002. Solution – in the agent configuration – file like:

-rw-r—– 1 oracle oinstall 6571 Apr 17 04:41 emd.properties
located in path like this:
/u01/app/oracle/product/12.1.0.2/agent_inst/sysman/config/emd.properties
increase the Xmx memory limit.
Before this operation shutdown agent (emctl stop agent).
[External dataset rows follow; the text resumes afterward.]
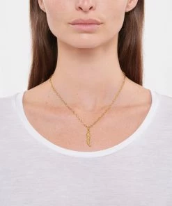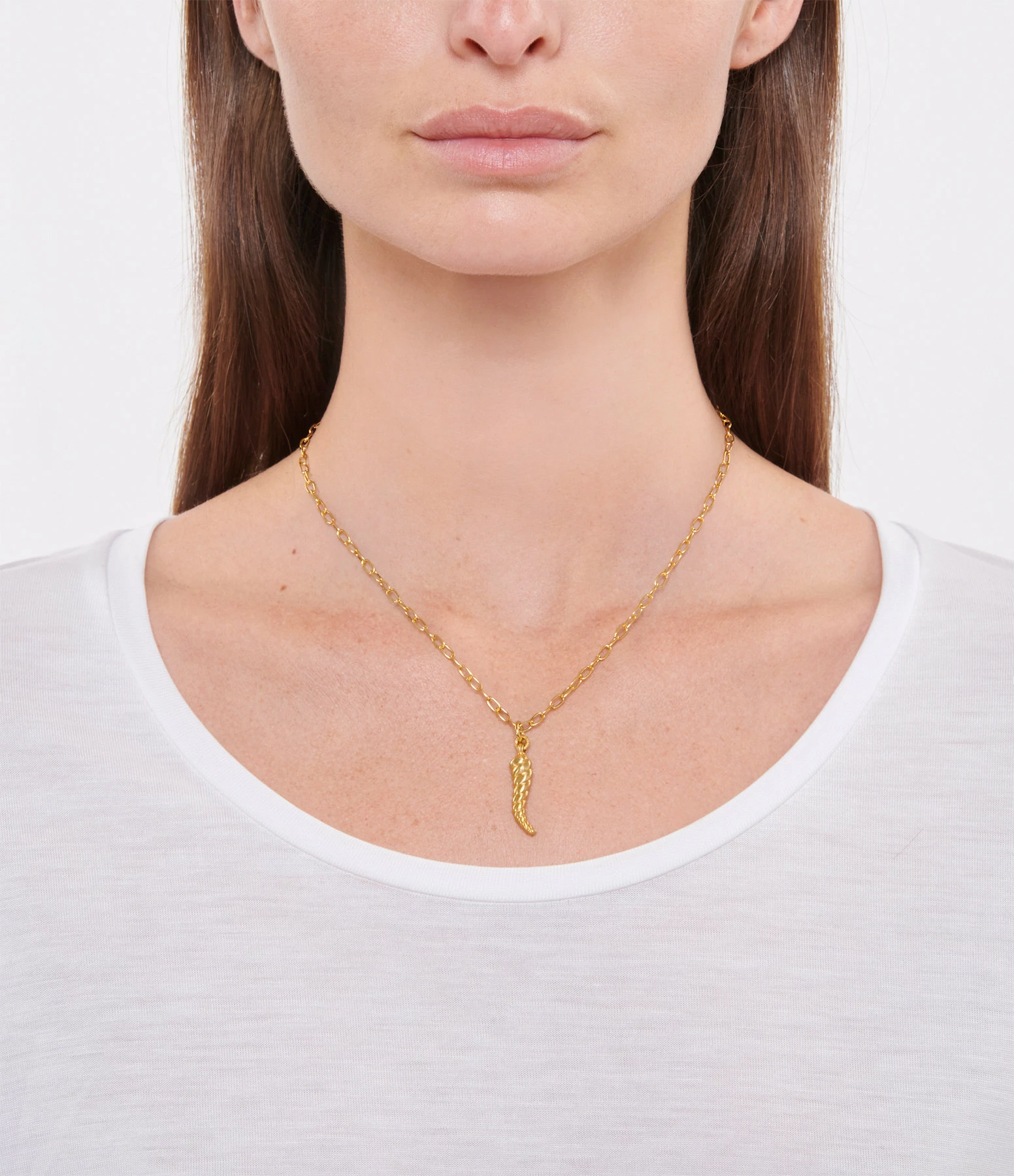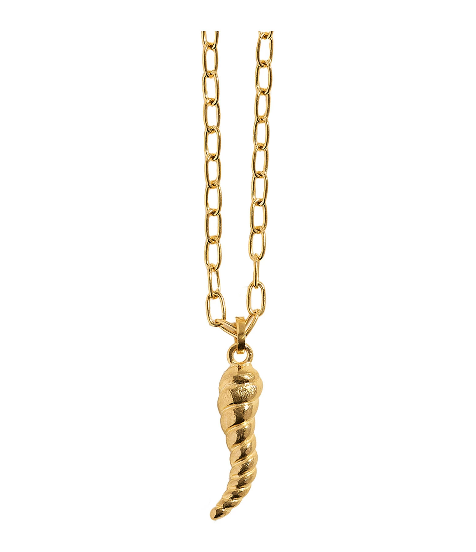 Collier en laiton doré avec pendentif corne. Fermoir classique à ressort.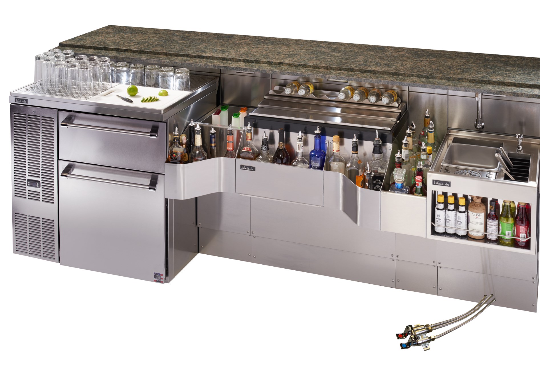 - Perlick exclusive, rounded speed rail design allows bartender to be closer to their work counter and guests.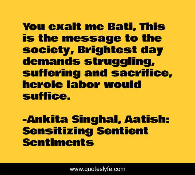 This page presents the quote "You exalt me Bati, This is the message to the society, Brightest day demands struggling, suffering and sacrifice, heroic labor would suffice.". Author of this quote is Ankita Singhal, Aatish: Sensitizing Sentient Sentiments. This quote is about poem, poetry-life, sacrifice, poetry, society, lamp,.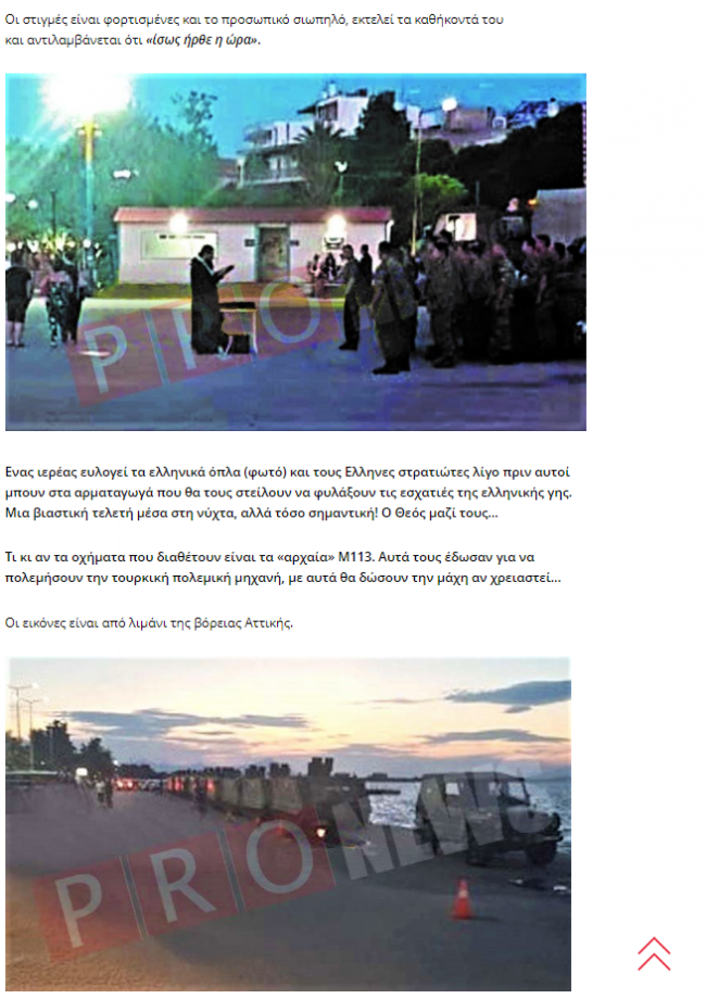 İlgili haberlerde, papazların da limanlardaki gemilere binmeden önce Yunan askerleri dini ayinlerle kutsadıkları ileri sürüldü. Hem Eleftheri Ora Gazetesi hem de Yunan Pronews haber sitesi, adalara sevk edilen tankların, zırhlı araçların, askerlerin ve yapılan kutsama ayinlerinin fotoğraflarını da yayımladı.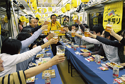 平日夜に走行する電車内でビールを楽しむイベントを開催するのは、京急電鉄では初めての取り組み。参加費3千円、先着80人の同イベントは、申込開始直後に定員満了になる人気ぶりだった。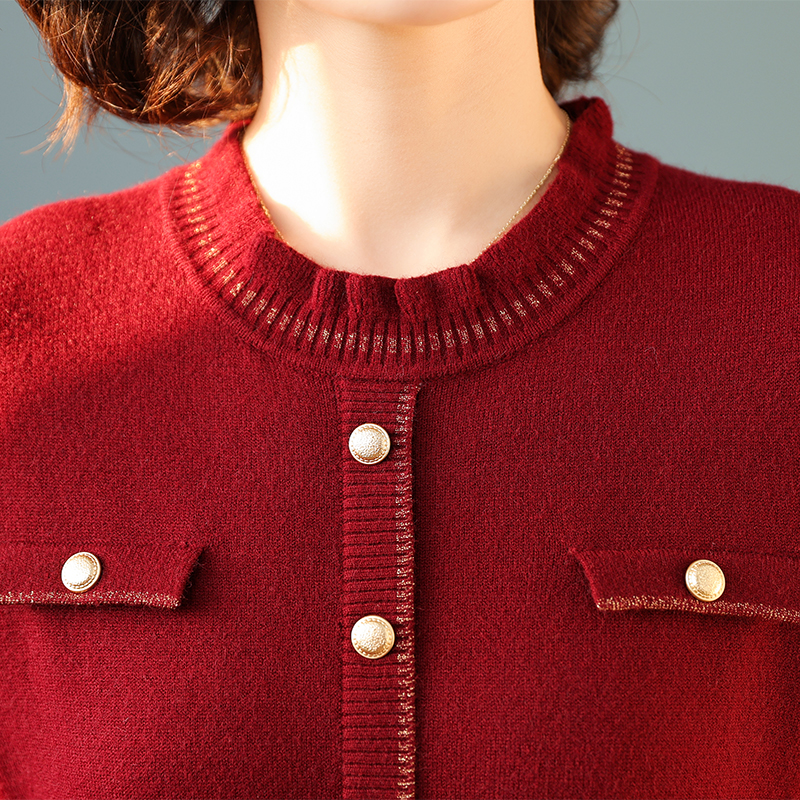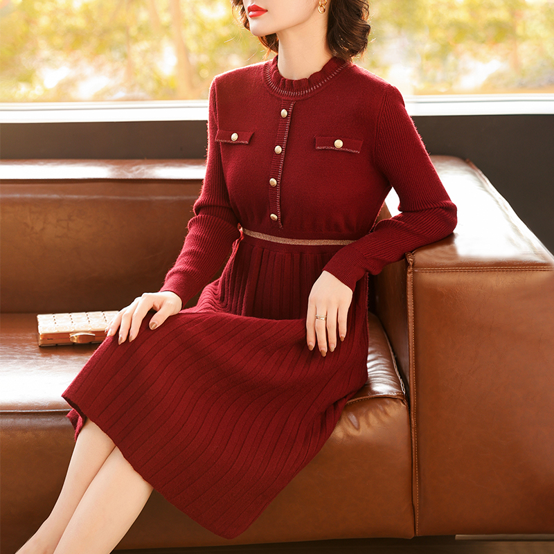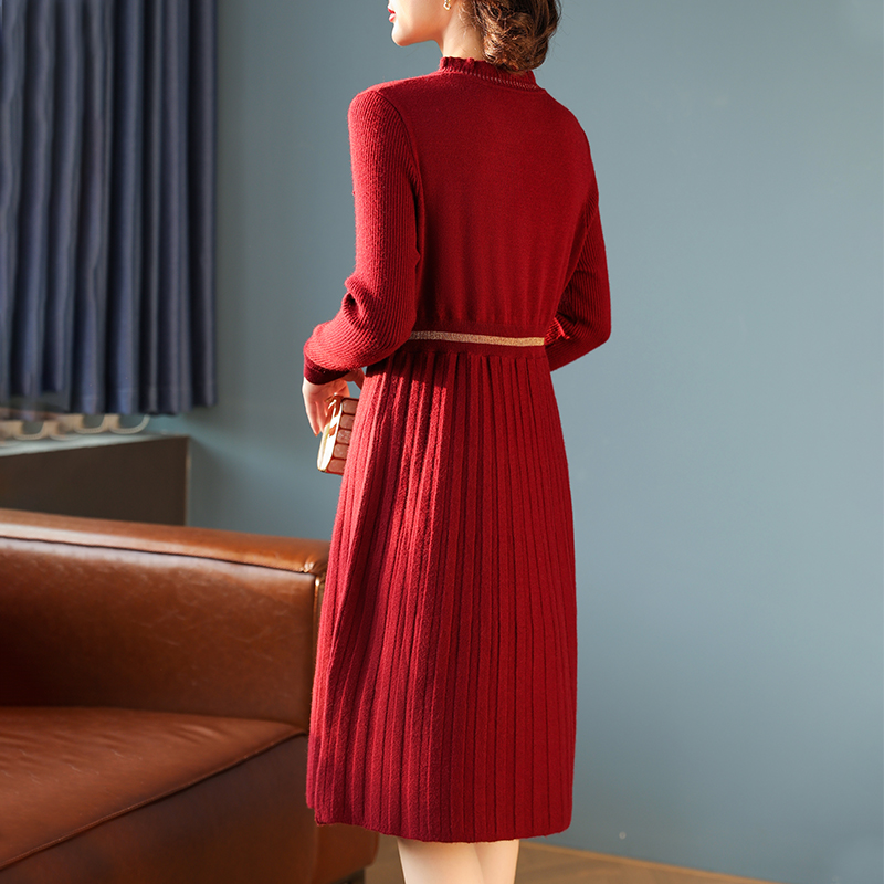 Mother Dress 2023 Autumn Winter New Knit Dress Dress Middle Aged Woman Winter Ben Year Red Sweater Dresses Base Dress-Taobao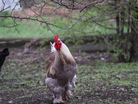 Home rooster running around the yard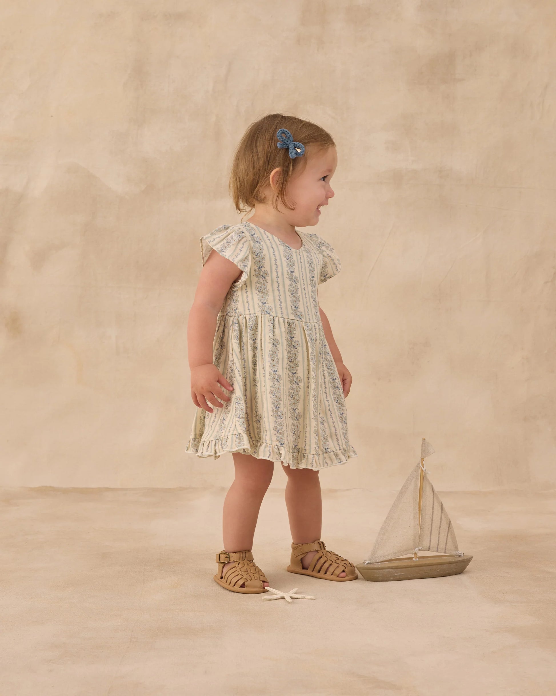 Featuring our 'blue floral' print on our 'natural' hue. This dainty floral print encapsulates spring blooms.
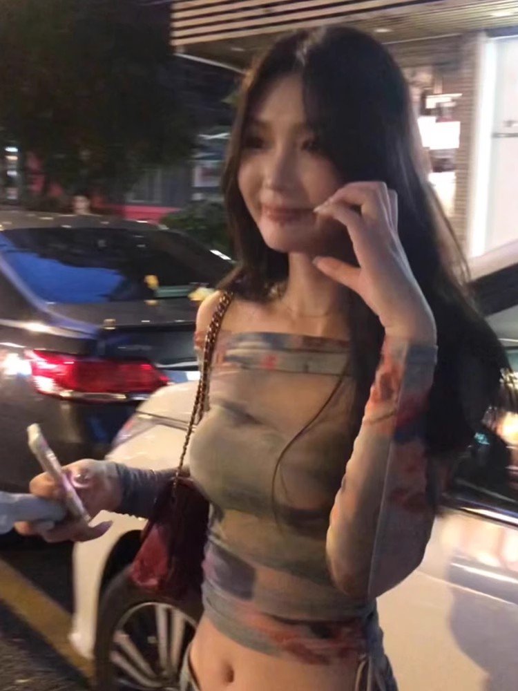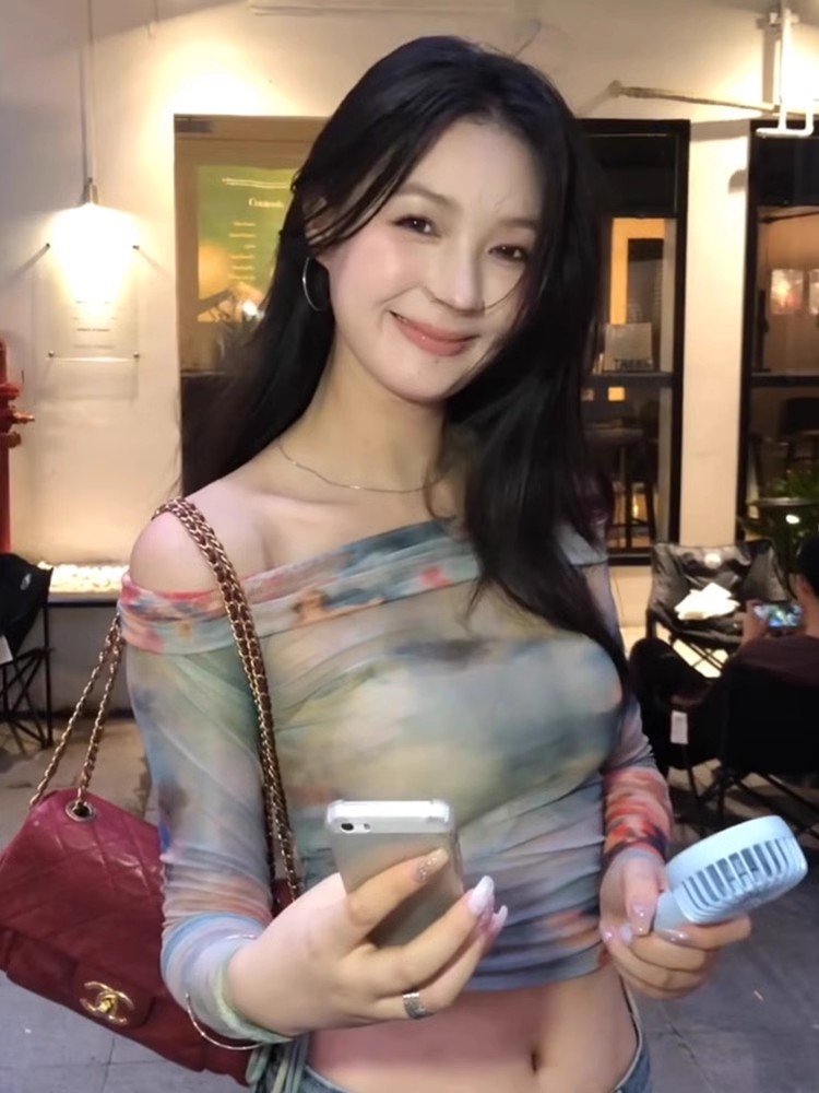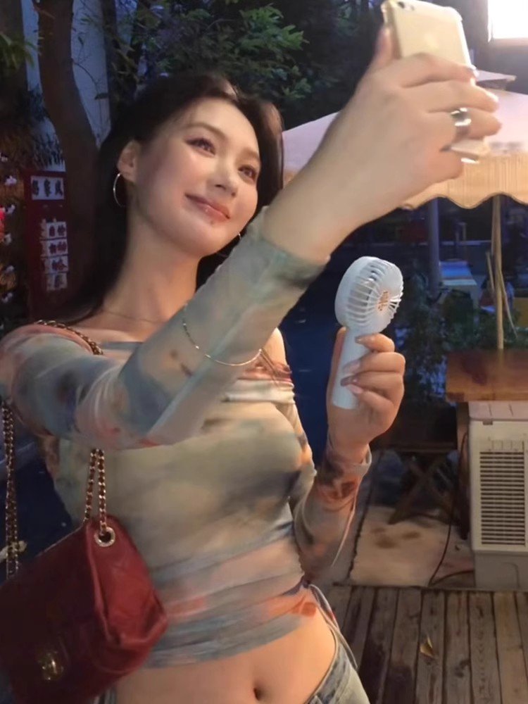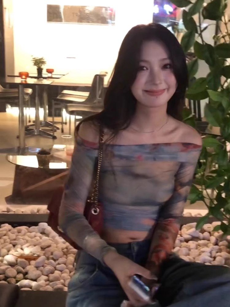 美式复古撞色网纱一字肩长袖t恤女夏季小个

And start him again after change.

#
# These are the optional Java flags for the agent
#
agentJavaDefines=-Xmx140M -XX:MaxPermSize=96M

and increase Xmx parameter, like:

agentJavaDefines=-Xmx256M -XX:MaxPermSize=96M

 

BTW: There are an auto-tune option enabled (at default) in the agent settings, so in log You can see this part, and this is normal (agent will try to increase amount of used memory themself), but if You see this, think about increase memory at start.
If problem still happen, put larger value.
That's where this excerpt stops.